# Any a' ya'll down yunders in that thea south-land?



## deadlegs (Jan 28, 2004)

HELLO. . . 

Anyone home. . . 

SE Tennessee here, (Chattanooga), just speaking up in this empty space.


----------



## SPINDAWG (Aug 24, 2003)

*Just recently moved to Cleveland.*

A little bit north of you. I live near the Ocoee region.Didn't think there would any good riding around here but I was wrong. There's alot of climbing here! I especially like climbing Chilhowee mnt, 7 miles straight up! Got to love it!


----------



## 12x23 (Jan 28, 2004)

*ratcheer*

'bout decided I had the whole se to m'self.


----------



## jaybike (Oct 26, 2003)

Been riding the trainer here in rainy northwest louisiana. i can't wait till we get some warmer days--at least in the 50's would be nice.


----------



## niteschaos (Apr 19, 2002)

Been riding in the rain and after the sleet in Atlanta. I dress up like the Michelin man when it gets below 45.


----------



## deadlegs (Jan 28, 2004)

*How's the knee, 12x23?*

Are you going to have it healed enough for 3ST 3Mtn?



12x23 said:


> 'bout decided I had the whole se to m'self.


----------



## 12x23 (Jan 28, 2004)

*I'm working on it*



deadlegs said:


> Are you going to have it healed enough for 3ST 3Mtn?

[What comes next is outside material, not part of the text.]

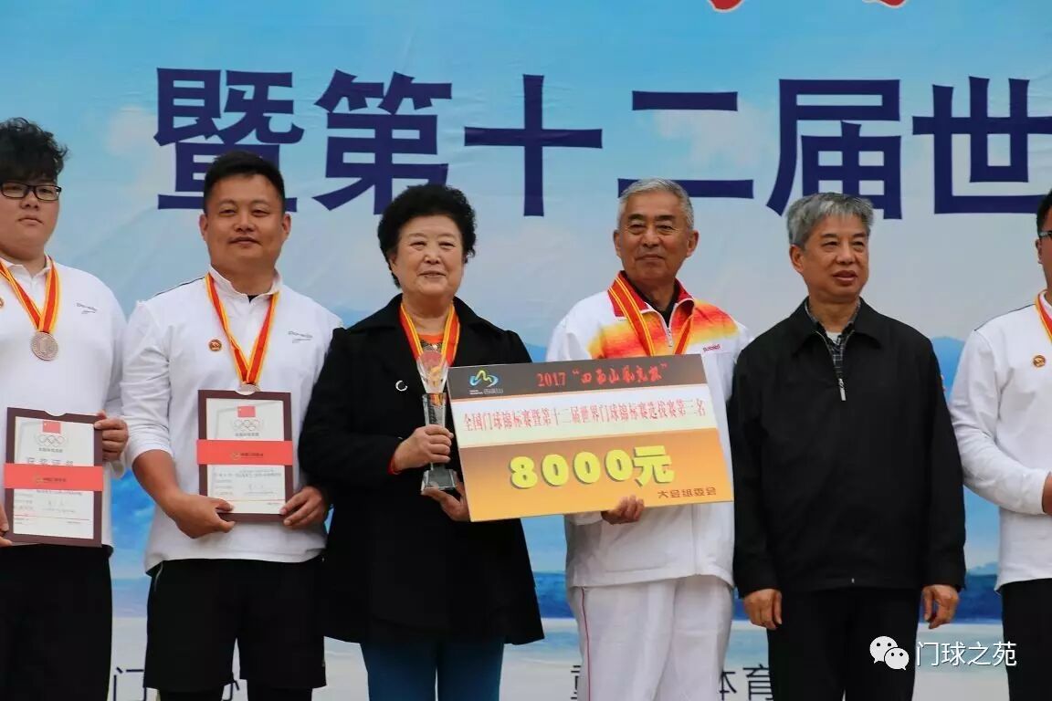 重庆市江津区四面山镇镇长蒋仕元为获得第四至八名的队伍颁奖 第四名四川宣汉县老年大学门球队 第五名湖北省门球协会队 第六名河南省新野县体育中心代表队 第七名江西宜春百神门球队 第八名陕西秦风队

Its been giving me some problems, but I'll be at 3s and Cheaha with one leg minimum.


----------



## jaybird (Feb 6, 2004)

Just moved south to Knoxvegas from Bahston... Why is there soo many [email protected] dogs around here?  Orange is ugly...  

Actually I kinda like the place...


----------



## PaulCL (Jan 29, 2000)

*So, does N'thn KY count as Southeast*

I live 10 miles south of Cincinnati, Ohio over the river. We feel southern, but we dip our feet into the northern pool almost everyday. No mountains in my area, but lots of steep hills in and out of the numerous river valleys.


----------



## 12x23 (Jan 28, 2004)

Let's do a little test and see;
1 Does the mother-in-law ever run into the room and shout, "Hey, y'all come look at this before it flushes !!"
2 If the front porch on the trailer falls will more than three dogs die?
3 Does the '82 Camaro have one of more body panels color-mismatched?
4 Do you have one of Dale Jr's tars in the living room used as a cocktail table?
5 Do you have a bumper sticker that reads, "Honk If You Love Cheetos"?


If you answer yes to one or more I'd say you're in. ;-)


----------



## PaulCL (Jan 29, 2000)

*I think I passed this test*

I ain't got no yesems to the questions above but I do have...

-more tattoos than teeth
-a "# 3" on each one of my pickups
-a real powerful attraction to my sister
-13 siblings, 45 nieces and nephews, 384 cousins and I'm only 28 years old!
-most impotent of all: I's gots my sixth grade certificate!

Am I in??

Paul


----------



## 12x23 (Jan 28, 2004)

*You sure did ........*

just don't go broadcasting that higher education ... makes folks around here uncomfortable.


----------



## jaybird (Feb 6, 2004)

*incest.*



PaulCL said:


> I ain't got no yesems to the questions above but I do have...
> 
> -more tattoos than teeth
> -a "# 3" on each one of my pickups
> ...



Incest: "A game the whole family can play."


----------



## |brake-out| (Feb 23, 2004)

*Kind of different, ain't it ?*



jaybird said:


> Just moved south to Knoxvegas from Bahston... Why is there soo many [email protected] dogs around here?  Orange is ugly...
> 
> Actually I kinda like the place...


Yeah, knoxvegas isn't all that bad, I wish the job opp. were better...but if you've got a good one, then it's a pretty decent place to live. Have you ridden up the foothills pkwy. ? It's not really a "hard" climb, but it is about 8-9 miles up. The downhill is awesome...


----------